Probablemente el mejor de los cineastas rusos vivos, Andrey Zvyagintsev pasó 40 días de 2020 en un coma inducido a causa de la covid y estuvo a punto de sufrir la destrucción total de sus pulmones. Ahora, el director regresa a Festival de Cannes -tras ganar aquí el premio al Mejor Guion gracias a ‘Leviathan’ (2014) y el Premio del Jurado por ‘Loveless’- con una película que nos recuerda que, para los ricos, los poderosos y los corruptos, el crimen queda sin castigo. En este momento, es la favorita en la carrera por la Palma de Oro.
‘Minotauro’ es un remake de ‘La mujer infiel’ (1969), thriller erótico de Claude Chabrol sobre un hombre convencido de que su esposa le es infiel. El protagonista de la nueva película es un acaudalado empresario que debe lidiar simultáneamente con el adulterio de su esposa, las presiones corporativas y la invasión rusa de Ucrania, y que termina completamente descontrolado a causa de la presión. Lo que vemos en pantalla, eso sí, no es solo el derrumbe de un hombre, sino el de la conciencia de todo un país. Puede que sea la primera película que Zvyagintsev realiza completamente fuera de su tierra natal —de la que huyó por motivos políticos—, pero también es su comentario más abiertamente crítico sobre la podredumbre política y moral de Rusia hasta la fecha.

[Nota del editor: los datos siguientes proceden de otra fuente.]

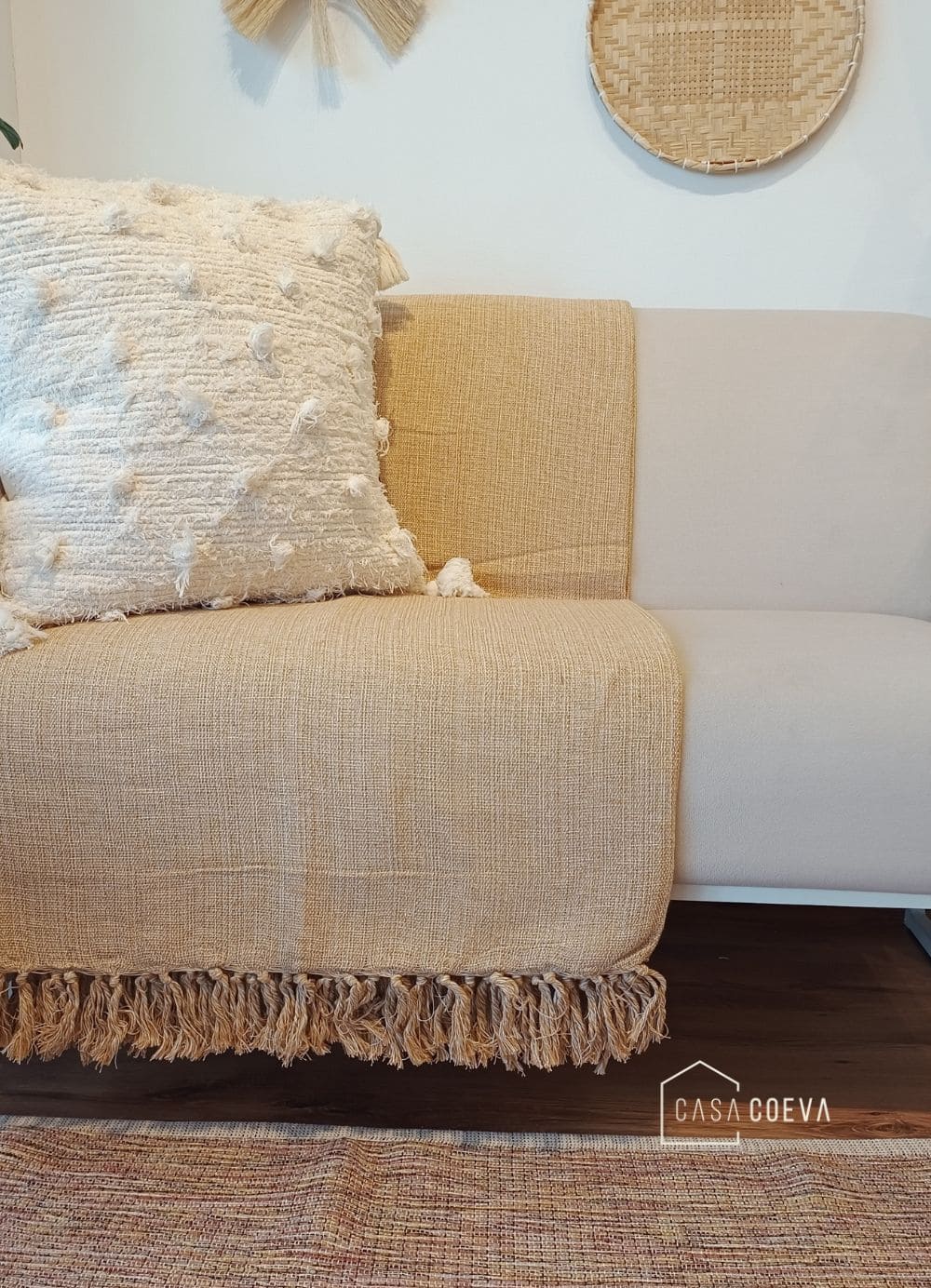 A Manta Artesanal Mel combina a sofisticação do tom Mel com a suavidade do cru, criando uma peça atemporal e versátil. O tecido encorpado e a trama fechada garantem caimento impecável, enquanto a medida generosa (220 × 300 cm) permite cobrir sofás amplos, camas e funcionar como peseira decorativa.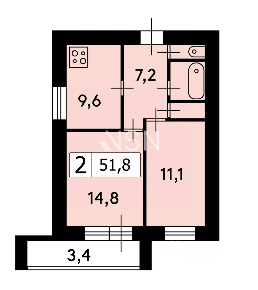 Лот: 267973 Выгодное предложение! В продаже двухкомнатная квартира общей площадью 51,8 кв. м! Высокий 8 этаж.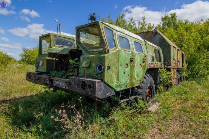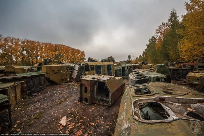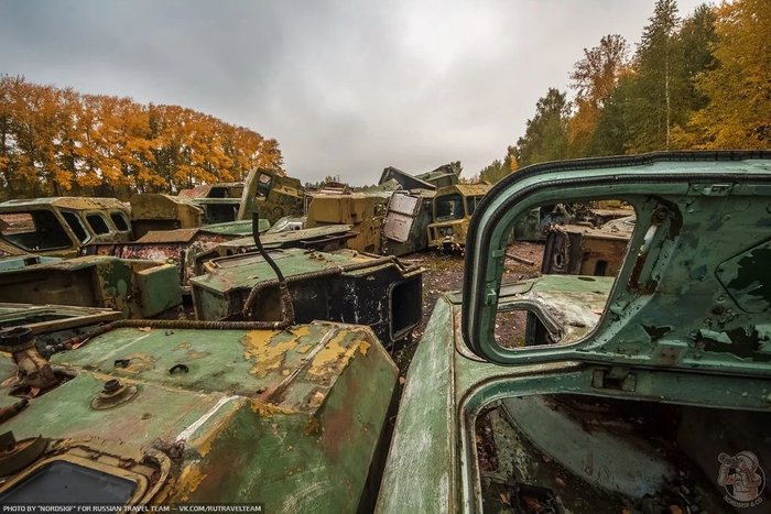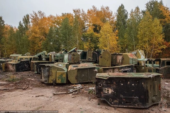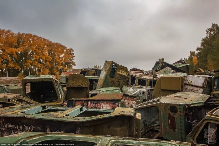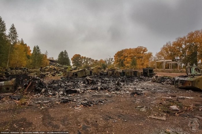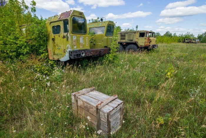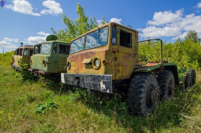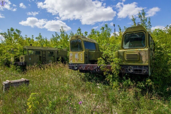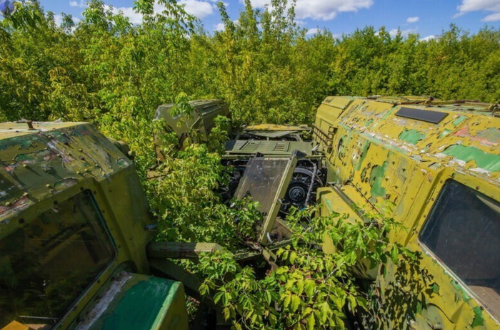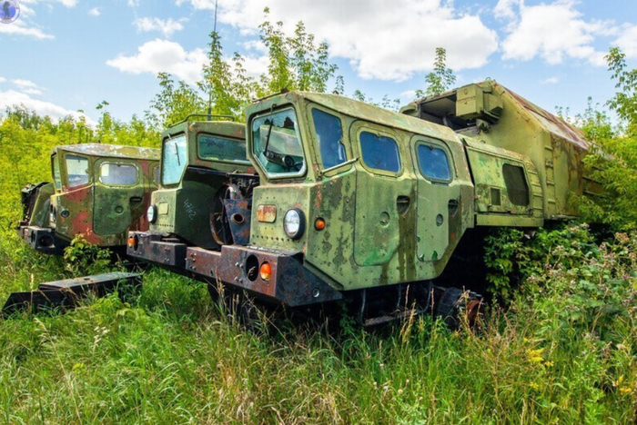 И снова ракетовозы. Возможно среди них есть и останки оперативно-тактических ракетных комплексов "Темп-С", также ликвидированных по договору РСМД. Место реально атмосферное, да ещё и с какой техникой.

El director traza lenta y meticulosamente el asfixiante universo y los personajes de la película antes de que realmente ocurra nada. En el proceso, un hombre que parecía un espectador pasivo de su propia existencia parece por fin cobrar vida al hacer algo terrible, y entonces se convierte en alguien con quien resulta más fácil empatizar. Es solo uno de los elementos irónicos de una película que, en esa escena crucial —en la que queda claro hasta qué punto los actos de violencia pueden ser sucios, difíciles de ejecutar y todavía más difíciles de ocultar—, recuerda perversamente a las grandes comedias mudas, y que durante otros momentos de su metraje resulta inquietante, absorbente y demoledora.
Refn se hurga el ombligo
Nicolas Winding Refn también tuvo un problema grave de salud. En 2023 permaneció 25 minutos muerto a causa de un problema cardiaco, y asegura que al volver a la vida sintió “el deseo de hacer películas como nunca las había hecho antes”. Sin embargo, nadie lo diría al ver su nuevo trabajo, ‘Her Private Hell’, presentado hoy en el certamen galo fuera de concurso. Primer largometraje que dirige desde ‘The Neon Demon’ (2016), adentra aún más al director danés en ese territorio definido por el solipsismo esteticista y el amaneramiento vacuo que empezó a explorar tras darse a conocer con intrigas criminales como la trilogía ‘Pusher’ y el deslumbrante ‘neo-noir’ ‘Drive’ (2011).
‘Her Private Hell’ habla de un rascacielos en una ciudad consumida por la niebla, de una parodia cinematográfica de ‘Star Trek’, de una actriz que mantiene una relación enfermiza con su madrastra, de una figura monstruosa de garras letales y un par de luces rojas por ojos, de un soldado que busca a su hija y, en realidad, de nada de eso. Dichos elementos son solo la excusa que Refn ofrece para mostrar un puñado de viñetas ilustradas con la imponente banda sonora de Pino Donaggio que incluyen sexo, hiperviolencia y siluetas que fuman mientras luces estroboscópicas intermitentes les iluminan los mentones. Promete complacer a los fans más testarudos de Refn, y a ni un solo espectador más.